"The small-displacement turbos certainly are not the magic bullet in terms of fuel efficiency," said Jake Fisher, director of automotive testing at Consumer Reports. "Their EPA ratings look good on paper, but in our testing, they not only don't perform as marketed, but not as well as conventional powertrains."

GM responded with a statement: "If you have a heavy foot on a turbocharged engine, you're not necessarily going to see a lot of fuel economy benefits. As is generally the case, the improved fuel economy you get is really dependent on how you drive."

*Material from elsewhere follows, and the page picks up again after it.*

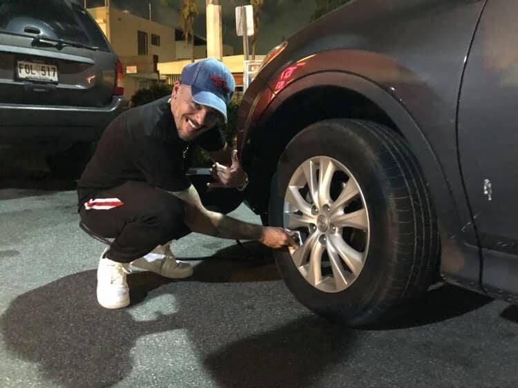 Ser artista puede que cambie a la gente un poquito. La fama no es tan bonita como parece. Sin embargo, Pedro Capó se encontró con una familia en un garaje de Baldrich y al notar que necesitaban una mano para cuadrar el aire de las gomas, se ofreció y hubo mucho gozo.

Consumer Reports did not pan every turbo model, noting that the BMW 3 Series it tested recently delivered "both good fuel economy (28 mpg) and acceleration." And it said the 2.0-liter turbo four-cylinder found in Volkswagen and Audi models returns impressive mileage, though the magazine has not tested it against comparable non-turbo competitors.

The cult of turbo

Today's turbo renaissance marks a turnaround from the bad-old days of turbocharging in the 1980s. Back then, the technology became the automotive equivalent of crack cocaine — an intense high followed by self-destruction.

Images of exotic turbocharged sports cars graced the walls of teenagers' bedrooms everywhere, and the word "turbo" embedded itself in the culture as a synonym for fast and cool. It has since been applied willy-nilly to unrelated products such as sunglasses, razors, even tax software.

The reality of owning the turbo cars proved less cool. Turbochargers often blew out before 100,000 miles and damaged engines. Consumers started to see them as disposable vehicles. Resale values fell through the floor.

Driving turbo cars proved an acquired taste because of "turbo lag" — the power didn't kick in until the middle of the rev range, creating a herky-jerky driving dynamic.

"In those old turbo cars, you'd rev up the engine and all of a sudden — bang! — you get the turbo power. For daily drive ability, they were very bad," said Michel of Volkswagen. "On a 180-degree highway ramp, hit the gas at the wrong moment, and you're off the road."

Today's new slate of turbos drive better and appear, at least initially, to have overcome the reliability issues. That's because the technology has been honed — tamed, really — with a combination of other complementary technologies, including engine-management systems that can precisely calibrate air, fuel and spark.

Today's turbocharged cars target an entirely different consumer, GM's Balsley said. "Now we're putting turbos in cars for consumers that may not even know they have a turbo — or care."